Arriving out of the wild blue yonder for silent film buffs is this serial from the tail end of the silent era, running just over three hours in ten chapters.
The setting is a flying company owned by an elderly gentleman (C.H. Allen) who has invented a few handy devices like a radio-controlled Flying Torpedo and something called an aerometer for flying through fog. Alas, a masked Pilot X (the actor continually identified as “?” in the title cards) keeps raiding the joint and causing all their planes to crash, which at a certain point puts a crimp in the business. Ace pilot Jack Baker (Walter Miller) and the owner’s daughter Shirley (Eugenia Gilbert), a crack pilot herself, investigate while carrying on their implicit romance.

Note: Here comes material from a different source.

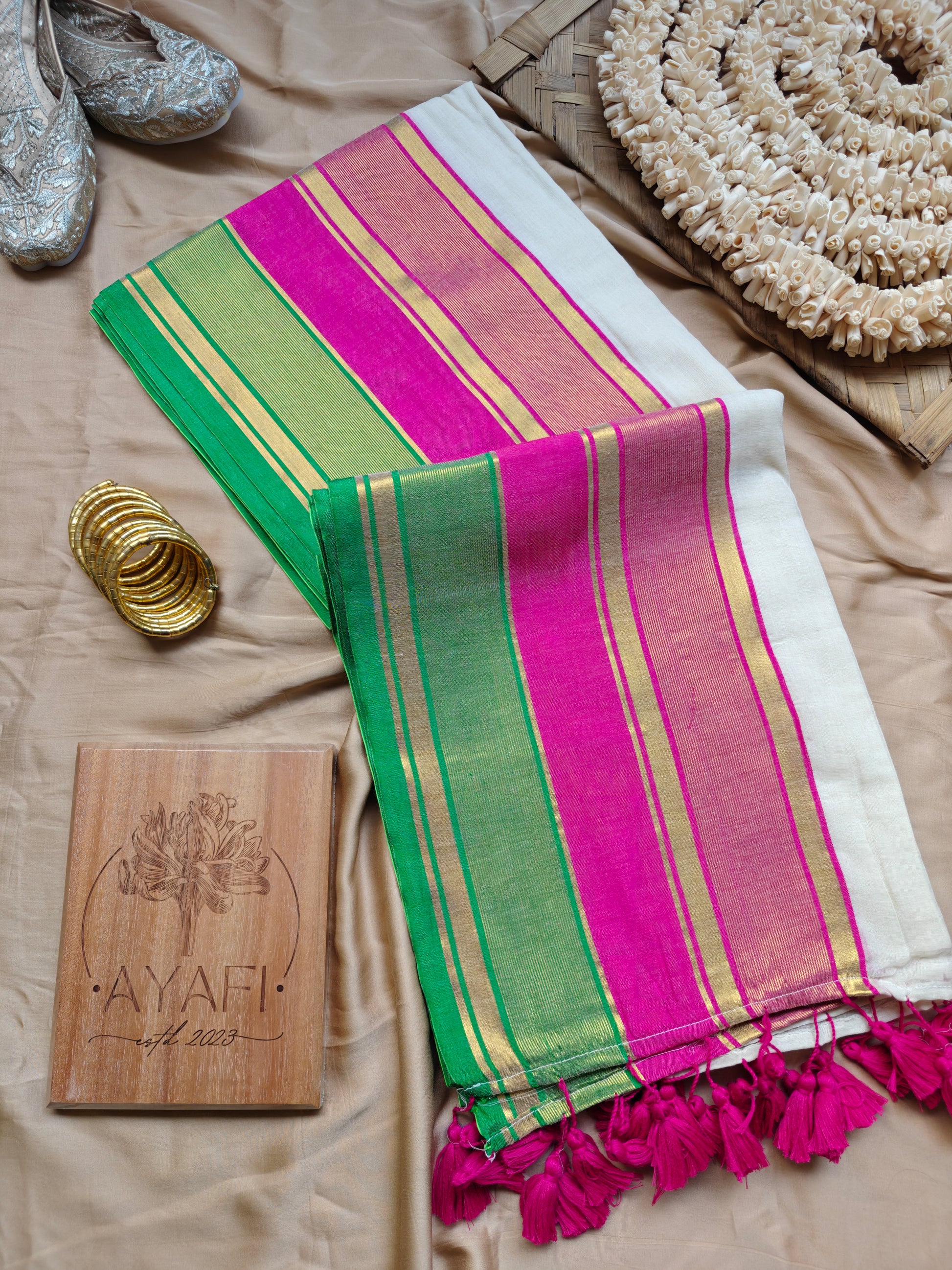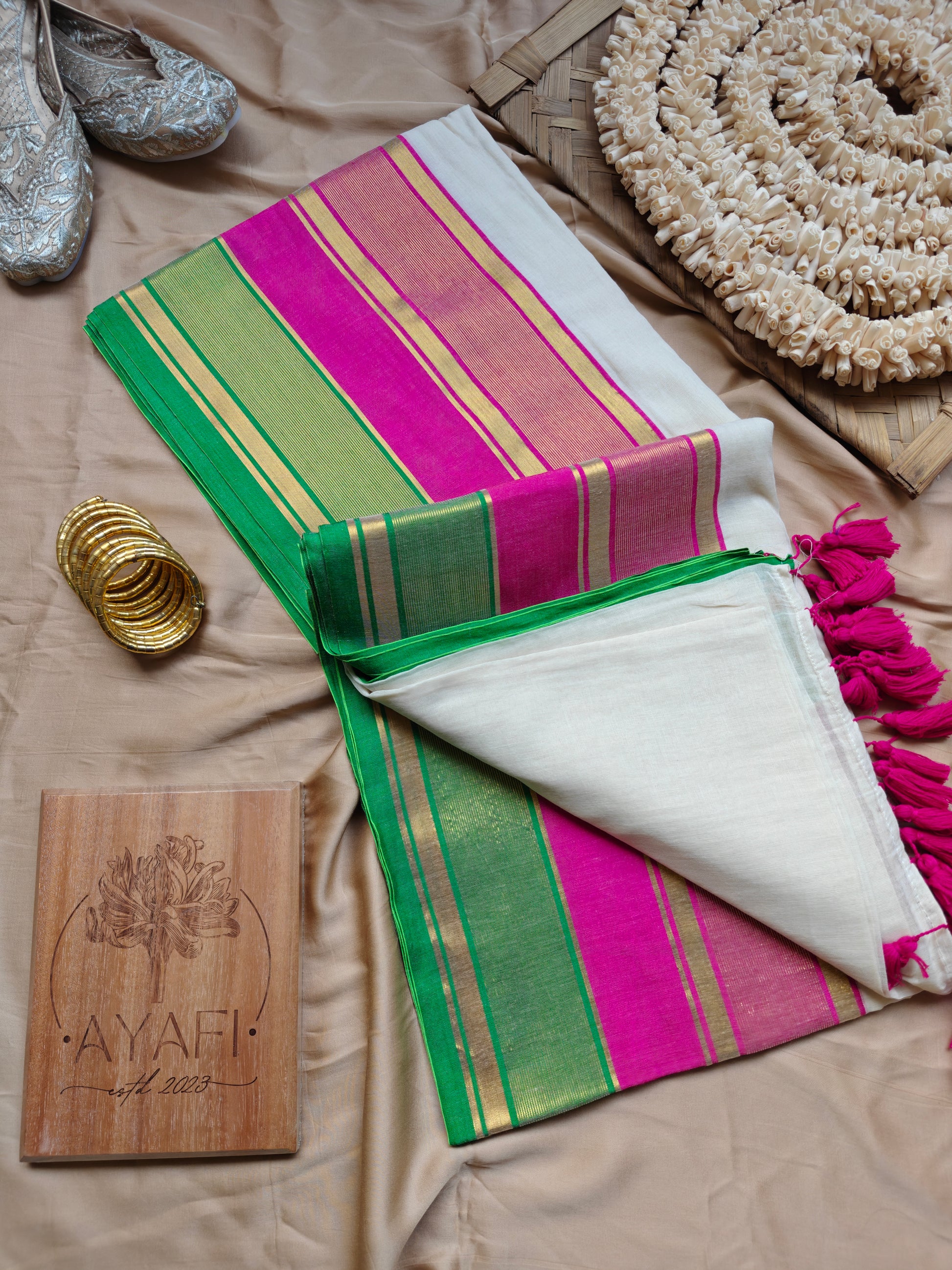 At AYAFI, we curate sarees in smaller, exclusive quantities to ensure each piece feels special, unique, and personal. This allows us to bring you handpicked designs that are not mass-produced — perfect for those who value individuality and artisanal charm.

As the title implies, the story belongs to that common narrative device in serials whereby a masked villain plagues the heroes throughout the chapters with a variety of nefarious shenanigans, including shooting a Gatling gun through his own propellers without mishap, and we’re supposed to figure out which of the several other characters is behind the mask. It’s apparently as hard for these folks to figure out as the idea that Superman is Clark Kent without glasses, although the audience may have less trouble.
One character you can rule out immediately is “world-famous aviatrix” Fawn Nesbitt (Dorothy Talcott), who “hopes to become the first female pilot to fly around the world”, although frankly, she does very little flying in this effort. The suspects / friends / hangers-on are played (and introduced afresh in every chapter) by Robert Walker, Eugene Burr and James A. Fitzgerald, with Arthur Morrison as the skulking butler.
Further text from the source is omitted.